::: Records shown

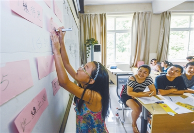 7月23日,一名参赛的孩子在拼写成语“眼花缭乱”。
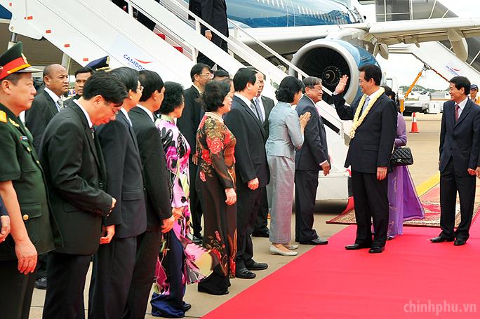 Ngày 2/4, Thủ tướng Nguyễn Tấn Dũng cùng phu nhân tới Thủ đô Phnom Penh, Campuchia.
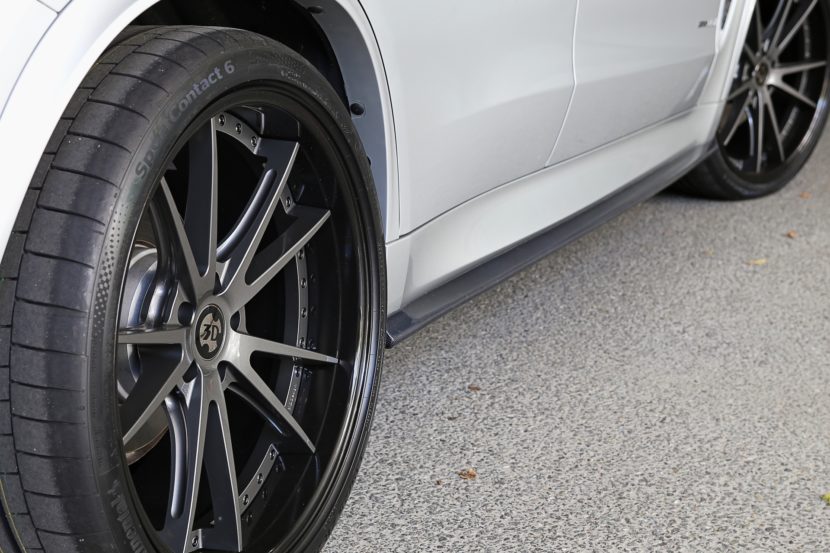 On the sides, there are carbon fiber side skirts. Though subtle, they look good and add a sportier touch. They also visually lower the X5, making it look more athletic, more like a performance SUV rather than a soccer mom SUV. Then there’s the rather large carbon fiber diffuser out back, which sits between the exhausts. While it doesn’t really do any real aerodynamic work, it still looks great. All of the carbon fiber bits are made in Japan, with a 1×1 carbon weave finish.
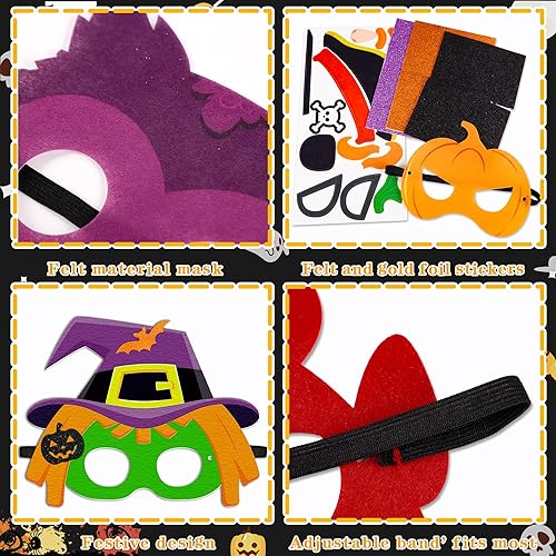 30PCS Halloween Felt Mask DIY Kit: This complete set includes 30 pre-cut felt masks with pre-attached elastic cords in 15 unique Halloween designs (2 of each style), 6 sheets of felt stickers, 6 sheets of gold foil stickers - everything ready for spooky crafting fun
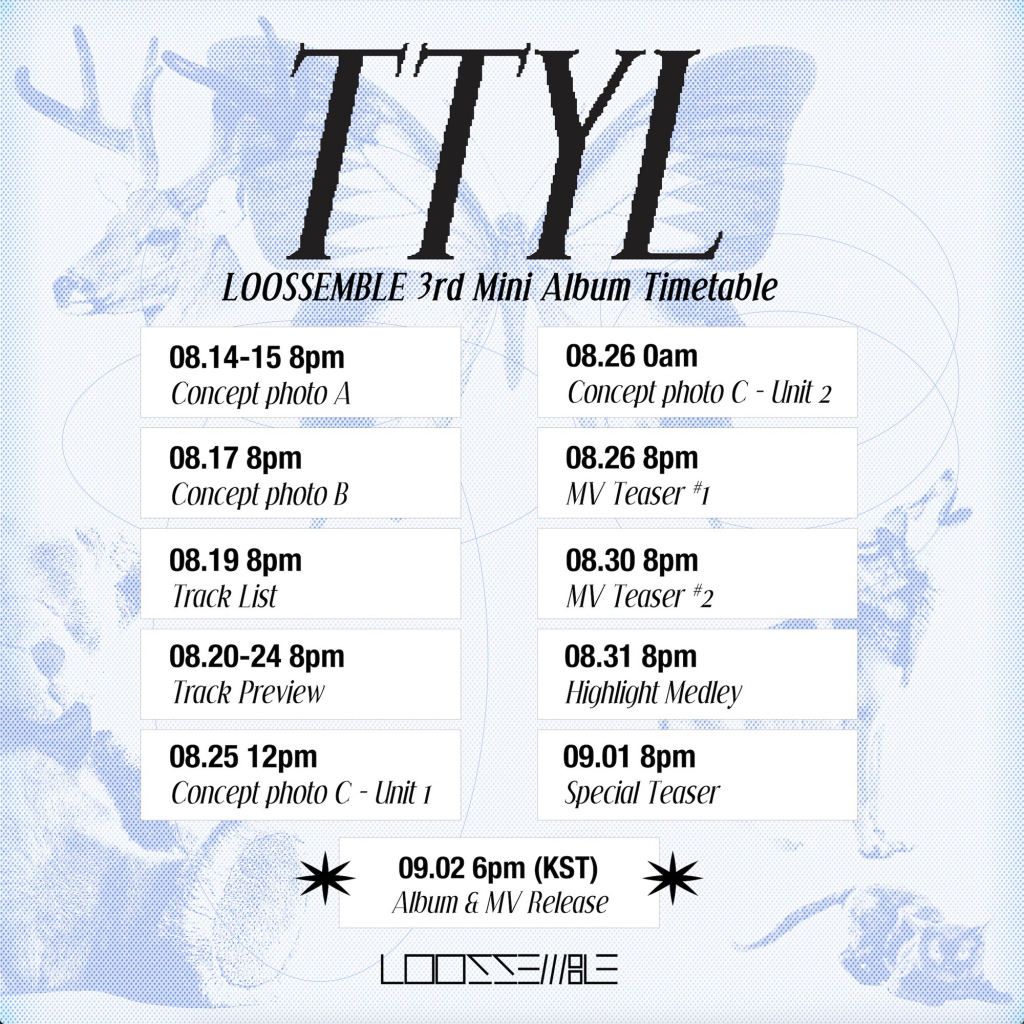 새롭게 베일을 벗은 타임 테이블 이미지에 따르면 루셈블은 오는 9월 2일 오후 6시 'TTYL'을 발매하고 본격적인 컴백 활동에 나설 예정. 이에 앞서 팬들을 위한 다양한 티징 콘텐츠가 준비돼 눈길을 끈다.

::::::

# Task to complete:
Take the line that holds "On the sides, there" as the start and the last line of the data as the end. Copy only those lines exactly, both ends included, except the pictures.

# Task result:
 On the sides, there are carbon fiber side skirts. Though subtle, they look good and add a sportier touch. They also visually lower the X5, making it look more athletic, more like a performance SUV rather than a soccer mom SUV. Then there’s the rather large carbon fiber diffuser out back, which sits between the exhausts. While it doesn’t really do any real aerodynamic work, it still looks great. All of the carbon fiber bits are made in Japan, with a 1×1 carbon weave finish.
 30PCS Halloween Felt Mask DIY Kit: This complete set includes 30 pre-cut felt masks with pre-attached elastic cords in 15 unique Halloween designs (2 of each style), 6 sheets of felt stickers, 6 sheets of gold foil stickers - everything ready for spooky crafting fun
 새롭게 베일을 벗은 타임 테이블 이미지에 따르면 루셈블은 오는 9월 2일 오후 6시 'TTYL'을 발매하고 본격적인 컴백 활동에 나설 예정. 이에 앞서 팬들을 위한 다양한 티징 콘텐츠가 준비돼 눈길을 끈다.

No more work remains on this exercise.